Striegl has settled down to an idyllic life in Baguio, where he lives in Kisad Peak on Legarda street. Striegl also teaches wrestling at Fight Corps in Trancoville three times a week, and he currently trains with Floridian Will Chope and Filipino Adam Cacay, who he will corner in an upcoming bout.

“Cornering is fun but it's nerve-wracking. I don't get nervous in my own fights, but when you're cornering a close friend, it's hard.”

While in Baguio Mark has developed a fondness for pinikpikan and confesses to eating balut twice a week leading up to fights.

He's also in a relationship with a Baguio girl, Starr Cabuco, a teacher at the Christian Legacy Academy.

But apart from being a lover, Striegl is also a fighter, and his next encounter will be in May in the Philippines, against an unnamed opponent. PXC's next fight card, this coming February 16, may determine who he will face.

Striegl already has one fighter in his crosshairs: PXC Featherweight title-holder Joe Taimanglo.
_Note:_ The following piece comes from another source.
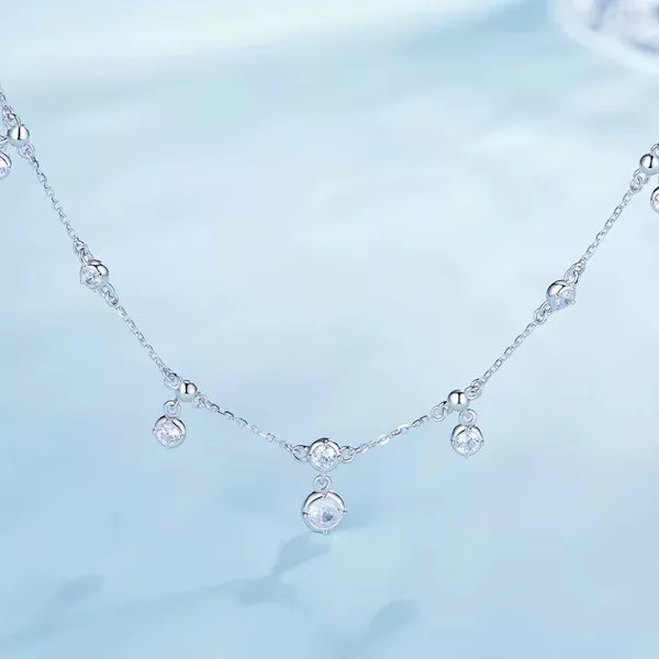 Ez a lenyűgöző ezüst nyaklánc igazi eleganciát sugároz, köszönhetően a kiváló minőségű 925 sterling ezüst alapanyagának és a hozzáadott platinabevonatnak. A kör alakú függők finoman csillognak a beépített cirkóniumkristályok révén, melyek minden fényviszonyban ragyogó megjelenést biztosítanak.

His message to the Guamanian: “I hope to see you in May.”

“I'm confident I can beat him” he says with not an ounce of bluster in his voice.

But the wrestler-turned-MMA fighter has even bigger goals in mind.

“I'd like to make it to UFC (Ultimate Fighting Championship.) It's the Superbowl of MMA.”

He's reportedly been named by MMA site Bloody Elbow as one of the Filipinos most likely to make it to the UFC.

Who would bet against him? All of his opponents seem to crumble against him. Even those underwater.

Another of Striegl's pastimes is fishing. He loves both the deep-sea variety and fishing in streams. Recently he caught some smallmouth bass in the Salmon River in Idaho.

“I love the battle of fishing” he says.

Striegl craves just about any kind of scrap. That will to win could soon lead him to the pinnacle of the MMA firmament.